There have been many studies on how to analyze ordered categorical data from half a century ago to the present (McCullagh, 1980; Albert and Chib, 1993; Tomizawa et al., 2006; Agresti, 2010; Agresti and Kateri, 2017; Baetschmann et al., 2020

). This paper focuses on one of the most commonly used methods, the ordinal response model, that is a regression on ordered categorical data as a response variable. The ordinal response model is one of the frameworks of generalized linear models, and is called the ordinal regression model, or the cumulative link model since it connects the cumulative probability of belonging to a certain category to the covariates with the “link” function (

McCullagh, 1980

). The link functions most often used in data analysis are the probit link, which is the distribution function of the standard normal distribution, the logit link, which is the distribution function of the standard logistic distribution, the log-log link, which is the distribution function of the right-skewed Gumbel distribution, and the complementary log-log link, which is the distribution function of the left-skewed log-Weibull distribution. The formulation of the ordinal response model and its details are described in Section

2.

Outliers can be caused by various reasons, such as typos in the values and misrecognition of units. Since it is well known that the maximum likelihood method is strongly affected by outliers, another statistical method that can appropriately deal with outliers is required nowadays. There have been many studies on how to deal with outliers, for example, the well-known inferences based on Huber-type loss and robust divergences (Hampel et al., 1986; Basu et al., 1998; Jones et al., 2001; Fujisawa and Eguchi, 2008; Huber and Ronchetti, 2009; Ghosh and Basu, 2013; Maronna et al., 2019; Castilla et al., 2021), but most of them have focused on continuous, binary, or counted data, with few focusing on ordered categorical data.

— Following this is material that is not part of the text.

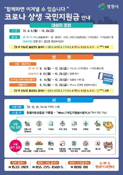∘ 지급방법 : 신용・체크카드 충전온・오프라인, 모바일 창원사랑상품권온라인, 선불카드읍면동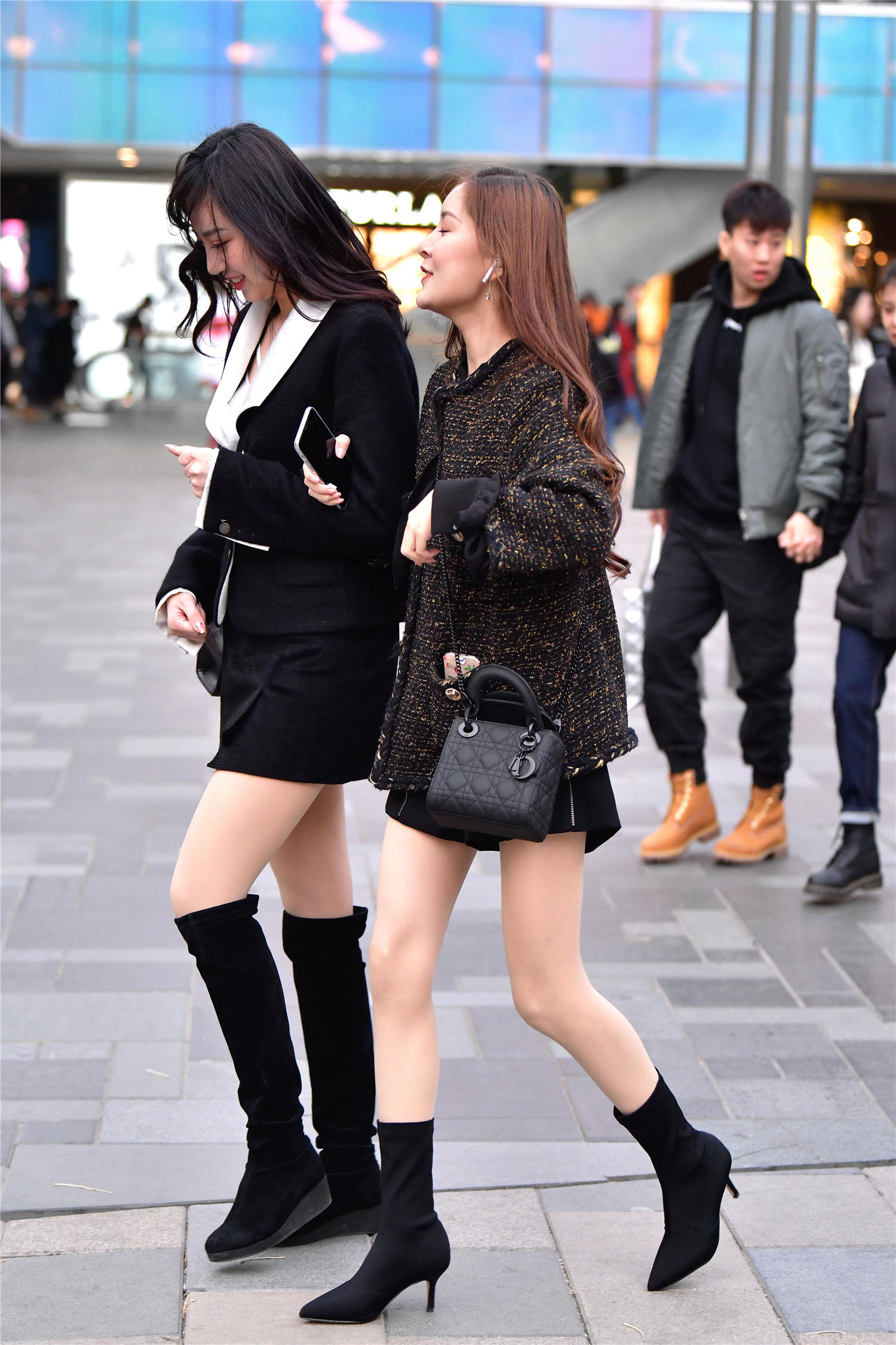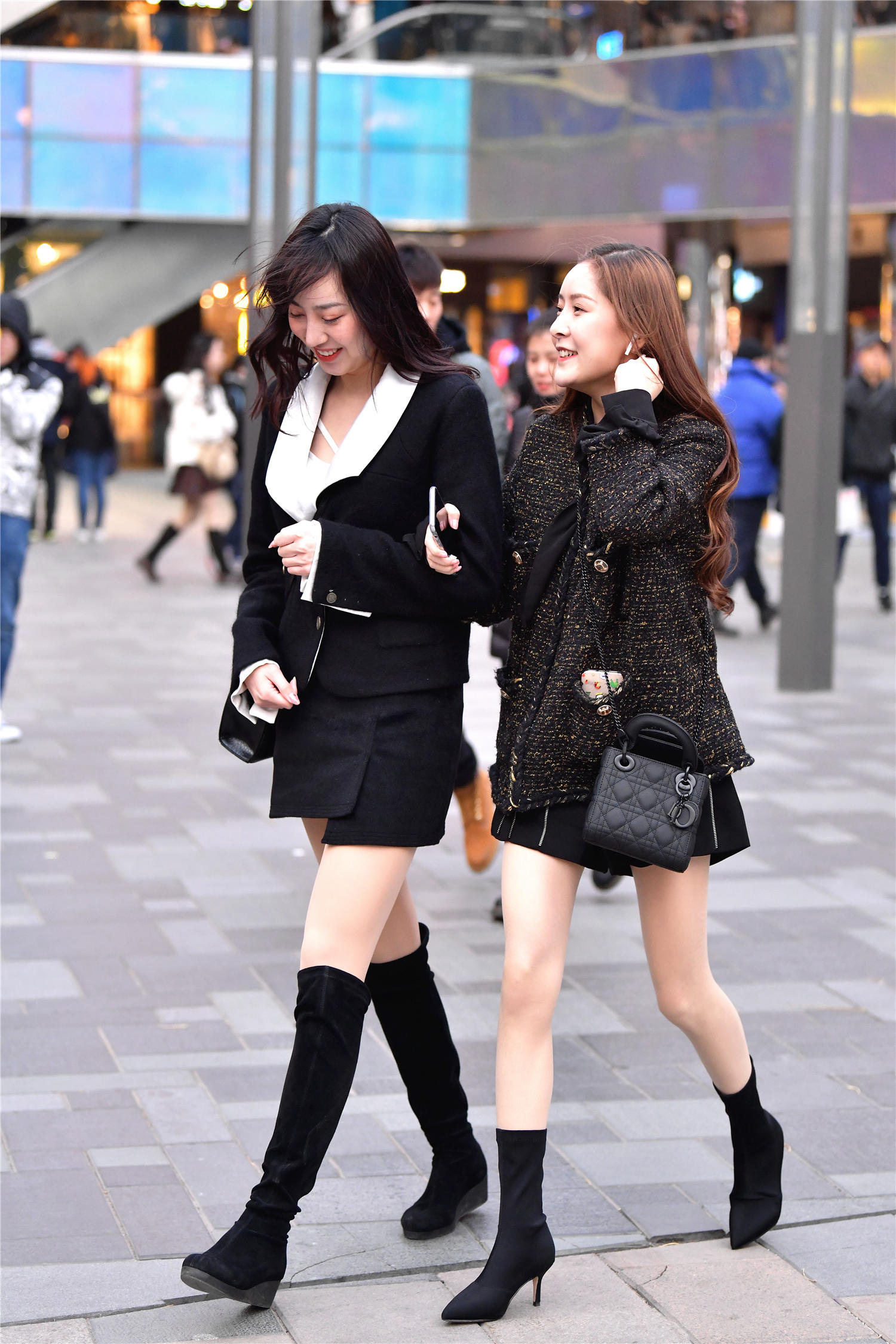 看一下这一对闺蜜,在冬天穿出不怕冷的效果,一位穿着一双黑色尖头细跟袜靴,黑色款式,修身的靴筒不是很高,搭配黑色拉链A裙,粗呢针织的外套,黑色与金色组合在一起,非常贵气的搭配效果,穿出很美的时尚味道,露出自己的大腿,这样在冬天出来,是不是感觉人家确实抗冻,真的是不怕冷。

Of course, the ordinal response model is not an exception to the model affected by outliers, although the response variable is discrete type data. The maximum likelihood method in the ordinal response model with the commonly used link functions, such as above mentioned is strongly affected by outliers. Although outliers in discrete data may be harder to imagine than in continuous data, an ”outlier” in the ordered response model is defined as a combination of ordered categorical data and its covariates that is heterogeneous relative to other pairs (Riani et al., 2011). This may be taken to mean that the combination of ordered categorical data and its covariates is inconsistent. Unless otherwise noted, we use the same definition of outliers in this paper.

There are various methods to check whether an inference method is robust against outliers, and often an influence function (Hampel, 1974

) may be used in linear regression. Simply put, the influence function is an index to check the “influence” of data on an inference method, and its value must be bounded at least to be robust against outliers. This is because if the value diverges for a given data, the result of the inference depends almost entirely on the data without regard to other data.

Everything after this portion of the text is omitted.